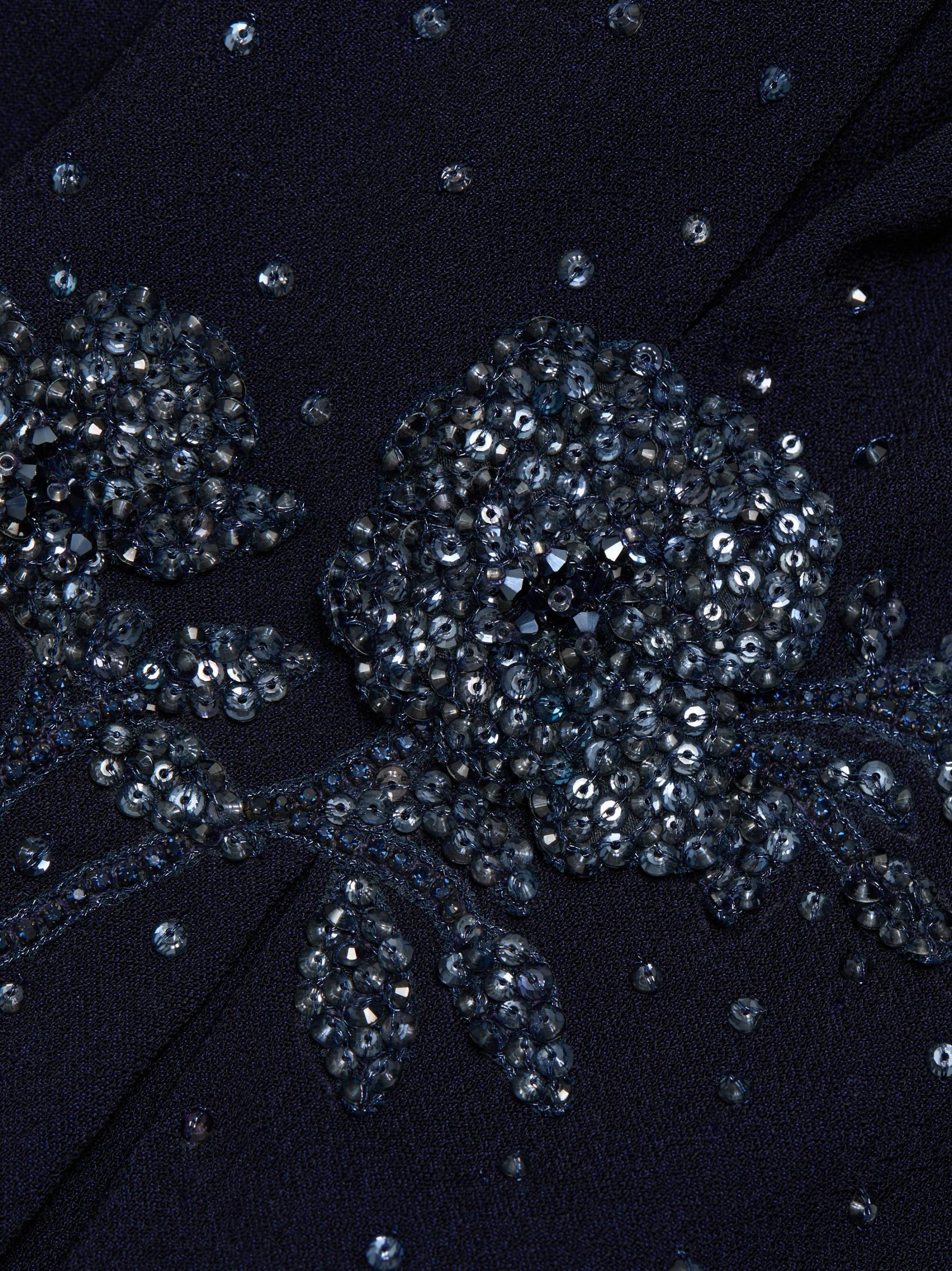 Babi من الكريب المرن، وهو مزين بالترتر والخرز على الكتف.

...

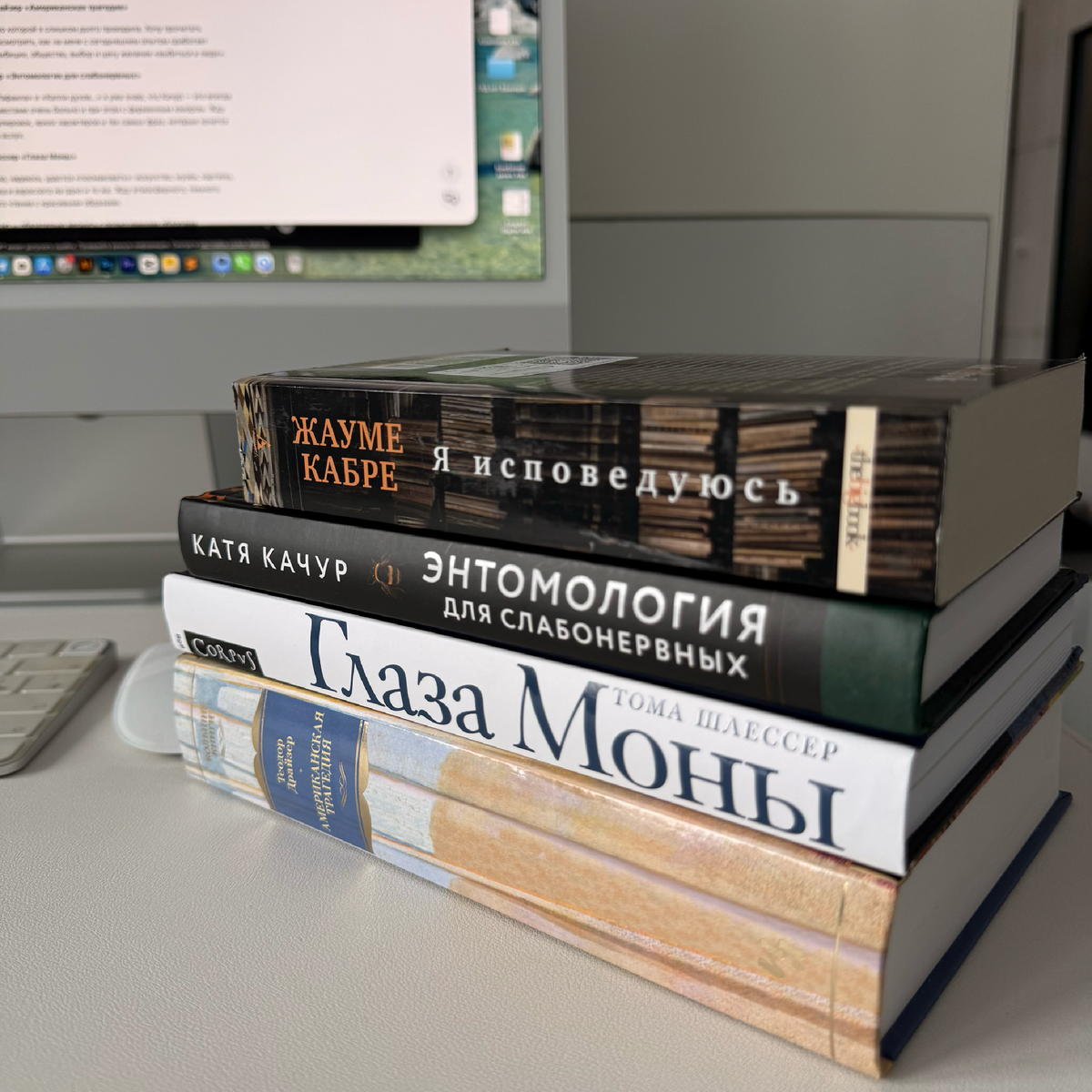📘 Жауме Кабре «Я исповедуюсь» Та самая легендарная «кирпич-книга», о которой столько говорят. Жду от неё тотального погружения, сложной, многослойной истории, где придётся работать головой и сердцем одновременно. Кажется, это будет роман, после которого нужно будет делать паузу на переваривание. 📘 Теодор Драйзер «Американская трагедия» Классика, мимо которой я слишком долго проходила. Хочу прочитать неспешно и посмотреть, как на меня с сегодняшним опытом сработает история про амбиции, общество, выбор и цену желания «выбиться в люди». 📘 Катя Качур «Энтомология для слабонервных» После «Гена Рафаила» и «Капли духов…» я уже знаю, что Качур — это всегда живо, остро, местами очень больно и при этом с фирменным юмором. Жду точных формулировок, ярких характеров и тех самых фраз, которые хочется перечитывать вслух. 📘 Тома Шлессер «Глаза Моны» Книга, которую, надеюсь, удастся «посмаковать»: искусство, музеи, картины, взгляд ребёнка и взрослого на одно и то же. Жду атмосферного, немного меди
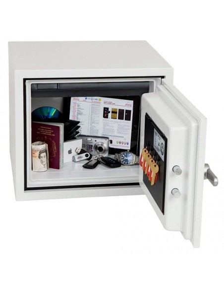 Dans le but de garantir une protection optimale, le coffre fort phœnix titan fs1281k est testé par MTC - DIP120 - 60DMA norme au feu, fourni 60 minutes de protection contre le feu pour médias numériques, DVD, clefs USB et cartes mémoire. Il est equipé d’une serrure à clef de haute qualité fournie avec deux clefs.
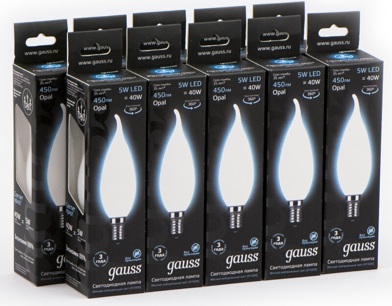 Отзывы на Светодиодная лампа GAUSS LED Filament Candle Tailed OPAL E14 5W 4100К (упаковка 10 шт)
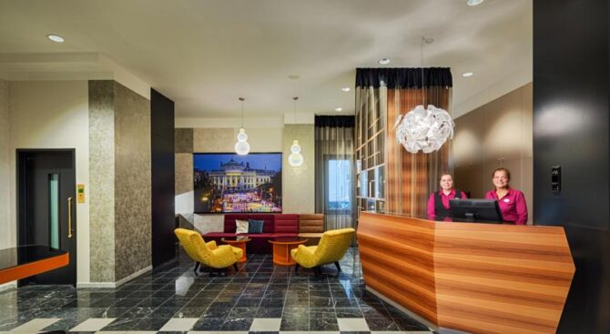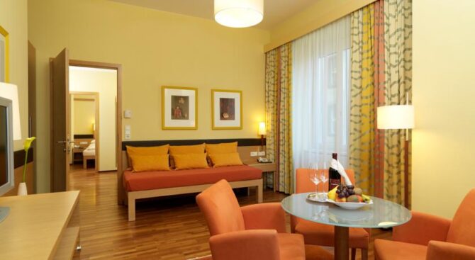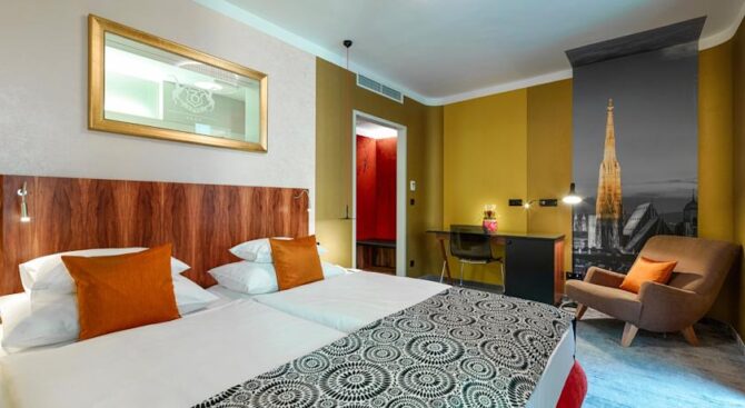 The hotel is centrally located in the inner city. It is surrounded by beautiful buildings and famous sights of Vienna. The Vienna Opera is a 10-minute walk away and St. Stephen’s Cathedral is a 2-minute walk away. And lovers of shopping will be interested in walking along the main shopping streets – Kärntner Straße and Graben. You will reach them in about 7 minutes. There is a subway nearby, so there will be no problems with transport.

▸ WORK ORDER: With the pictures removed from your copy, retype the lines above from the one that contains "Отзывы на Светодиодная" through the one that contains "The hotel is", exactly.

▸ PROBLEM SOLUTION:
 Отзывы на Светодиодная лампа GAUSS LED Filament Candle Tailed OPAL E14 5W 4100К (упаковка 10 шт)
 The hotel is centrally located in the inner city. It is surrounded by beautiful buildings and famous sights of Vienna. The Vienna Opera is a 10-minute walk away and St. Stephen’s Cathedral is a 2-minute walk away. And lovers of shopping will be interested in walking along the main shopping streets – Kärntner Straße and Graben. You will reach them in about 7 minutes. There is a subway nearby, so there will be no problems with transport.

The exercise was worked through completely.